Donald WESTLAKE, Voleurs à la douzaine (Thieves’ Dozen). Traduction de Jean Esch. Rivages, 2008, 218 p.
1. Polar n° 22, janvier 1982.
Fièvre au marais
Folio vient de rééditer l’une des perles de la Série noire des années 1970, La bouffe est chouette à Fatchakulla du mystérieux Ned Crabb, journaliste dont ce fut hélas la seule incursion dans le roman noir. Le comté de Fatchakulla est un trou perdu de la Floride profonde et superstitieuse, peuplée de tarés consanguins, d’hurluberlus pittoresques et d’un inquiétant bestiaire. Il fait moite à crever, les marais grouillent d’alligators, on trompe l’ennui par de colossales bitures.

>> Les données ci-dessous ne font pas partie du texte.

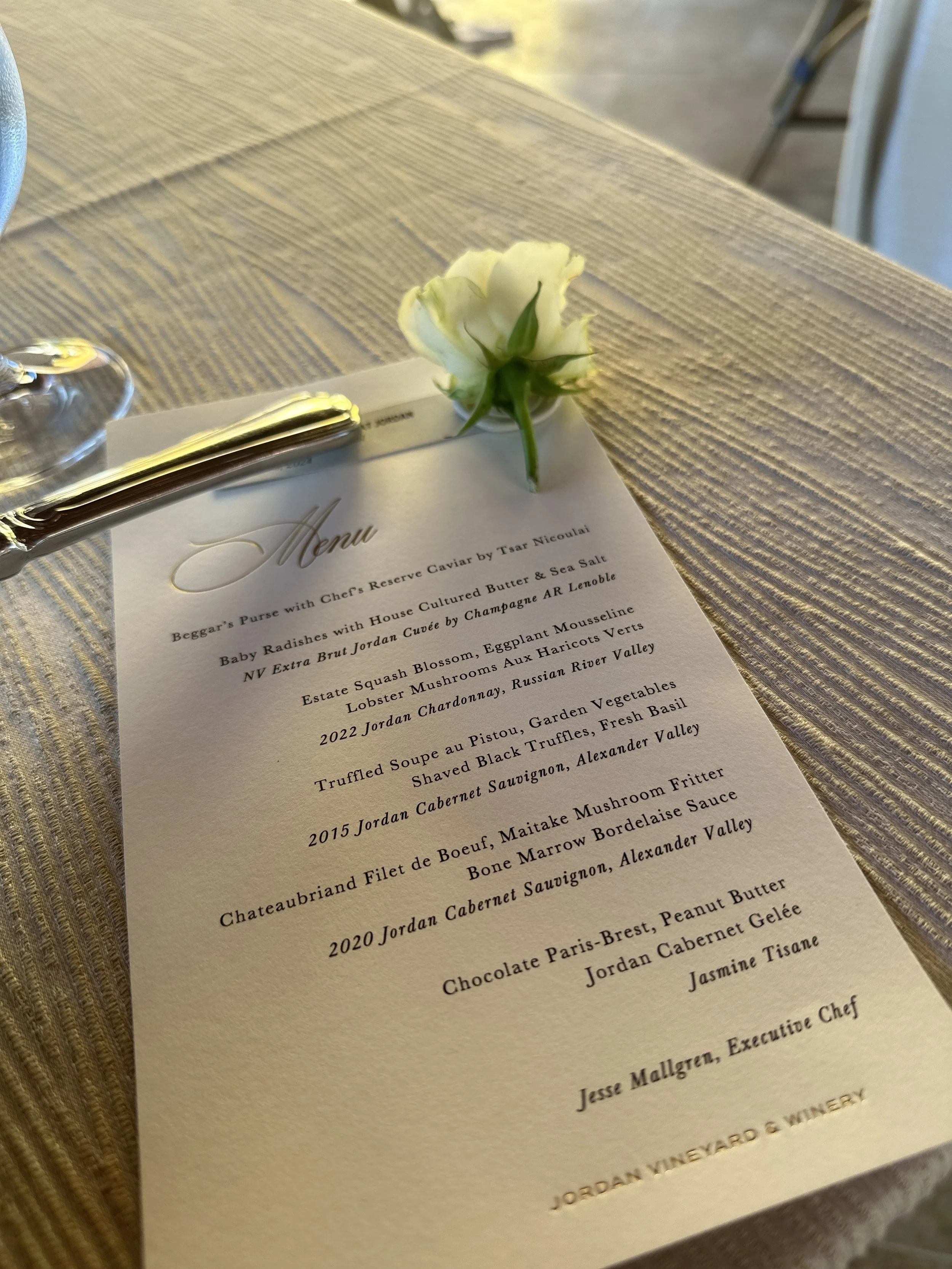 We also experienced a truly delicious dinner that included an exceptional fine wine and food pairing at the renowned Jordan Vineyard and Winery. The food was not only exquisite but meticulously prepared, featuring local ingredients that beautifully complemented their most delicious wines. Both the carefully chosen wine pairings and the entree decisions were perfectly meshed together, creating a harmonious experience for a memorable and perfect evening!
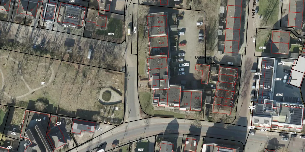 Het perceel waarop Doktershof 45 staat heeft een oppervlakte van 3991 m². Dit is een zeer groot perceel. De perceeloppervlakte wordt geregistreerd door het Kadaster. Gedetailleerde informatie over de maten van dit perceel kunt u vinden in het rapport Kadastrale kaart met maatvoering van Doktershof 45.
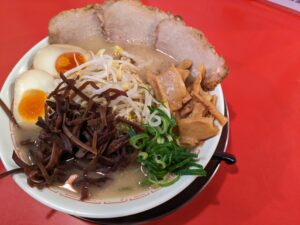 トッピング全部乗せをいただきました~。美味しかった。しかし、スタッフに「屋号の由来」たずねたら、「わかりません」って。残念
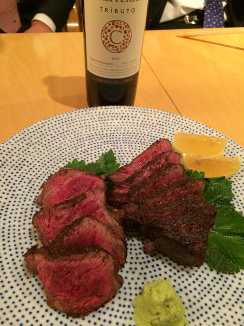 本日の目玉は生雲丹鍋。約9か月ぶりのご対面。半生の雲丹と牛蒡、柳川風仕立て。大将の腕に感服。そして、和牛のいちぼ。極上でした。冷酒水神も料理によく合いました。
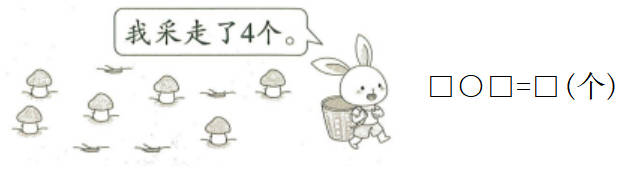 1.地上原来有10个蘑菇,小兔采走了( )个蘑菇,还剩( )个蘑菇。
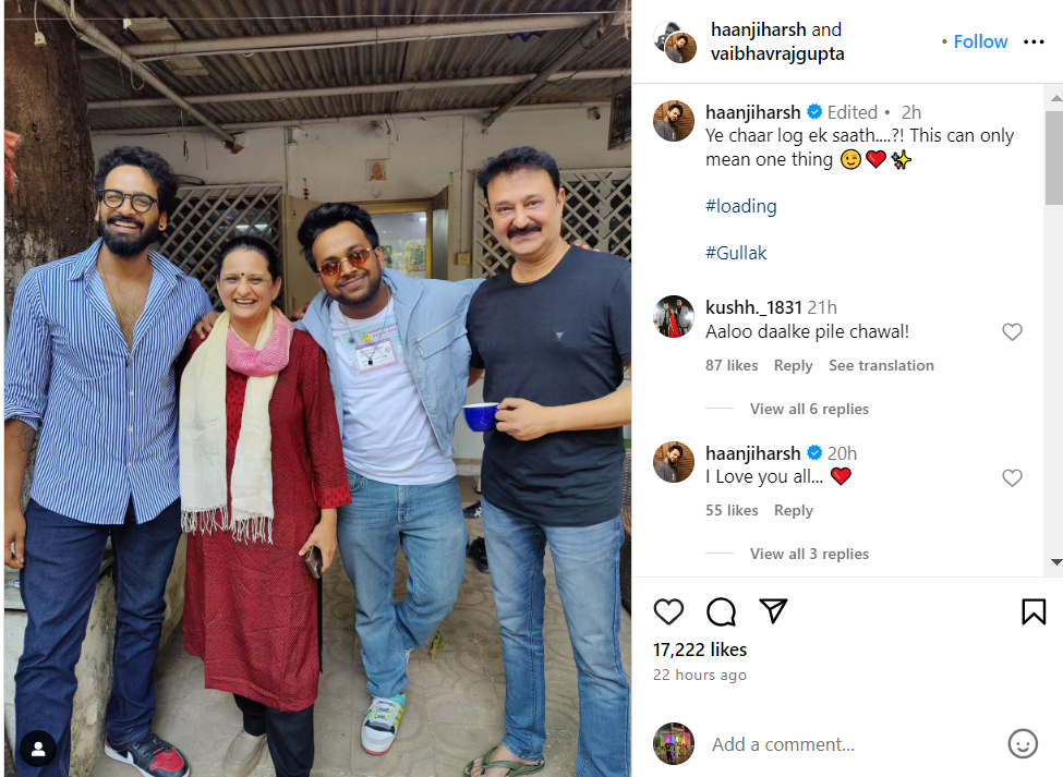 एक्टर ने अपने इंस्टाग्राम पर गुल्लक कास्ट संग फोटो शेयर कैप्शन में लिखा, ये चार लोग एक साथ? इसका केवल एक ही मतलब हो सकता है...#loading ##Gullak। एक्टर के इस पोस्ट से साफ-साफ जाहिर हो चुका है कि जल्द एक बार फिर वह अपना भोले चेहरे के साथ लोगों को मनोरंजन करने आ रहे हैं।
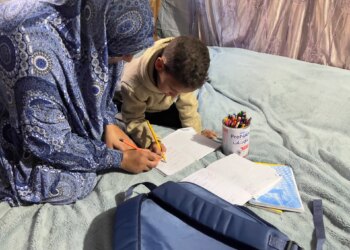 Nuseirat, Gaza Strip – Nibal Abu Armana sits in her tent, where she has been teaching her seven-year-old son, Mohammed, ...
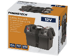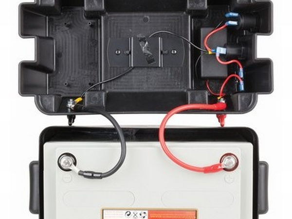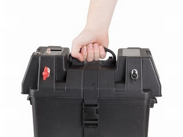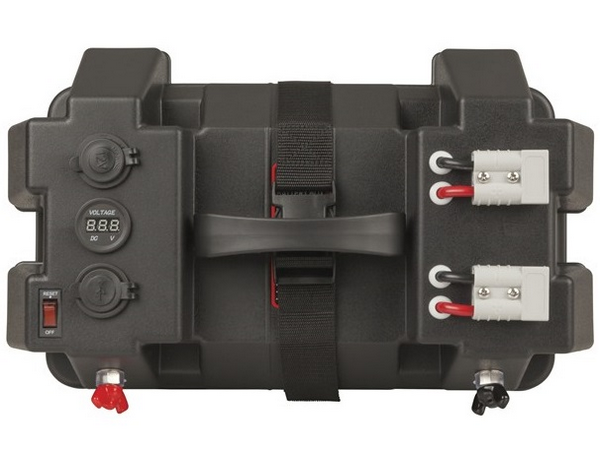 This portable 12V battery box has all the common connections you would typically need for your outdoor recreation power needs. The box with carry handles is capable of holding a deep cycle battery up to 105Ah (sold separately) which secures in place with the supplied webbing strap. High current power connectors include two 50A Anderson, insulated bolt terminals (wing nut), and a 12V cigarette lighter socket with over current protection. There is also a dual-port USB to charge your Smartphone and similar USB devices and a voltmeter to help monitor the battery level.

Jusqu’à ce qu’une vague de meurtres horrifiques, avec cadavres en morceaux dispersés à tout-va, secoue ce petit monde. Dans le genre polar truculent chez les péquenauds, on n’a rien écrit de plus boyautant depuis le classique Fantasia chez les ploucs de Charles Williams et Je suis un sournois de Peter Duncan. Pour ajouter à la drôlerie de la chose, l’ouvrage est émaillé de références décalées à Sherlock Holmes, on ne peut plus incongrues dans le contexte (le détective amateur du coin taquine le banjo plutôt que le violon et carbure à la bière plutôt qu’à la cocaïne; son Watson est un vétérinaire qui endosse à l’occasion la fonction de médecin légiste). Et, contrairement à ce qui advient souvent dans ce genre de polar borderline, l’intrigue tient la route et la chute est à la hauteur des prémisses. Si vous manquez de lecture pour l’été, ne le loupez pas.
Ned Crabb, La bouffe est chouette à Fatchakulla. Traduction de Sophie Mayoux. Gallimard, Folio policier n° 515, 2008, 266 p.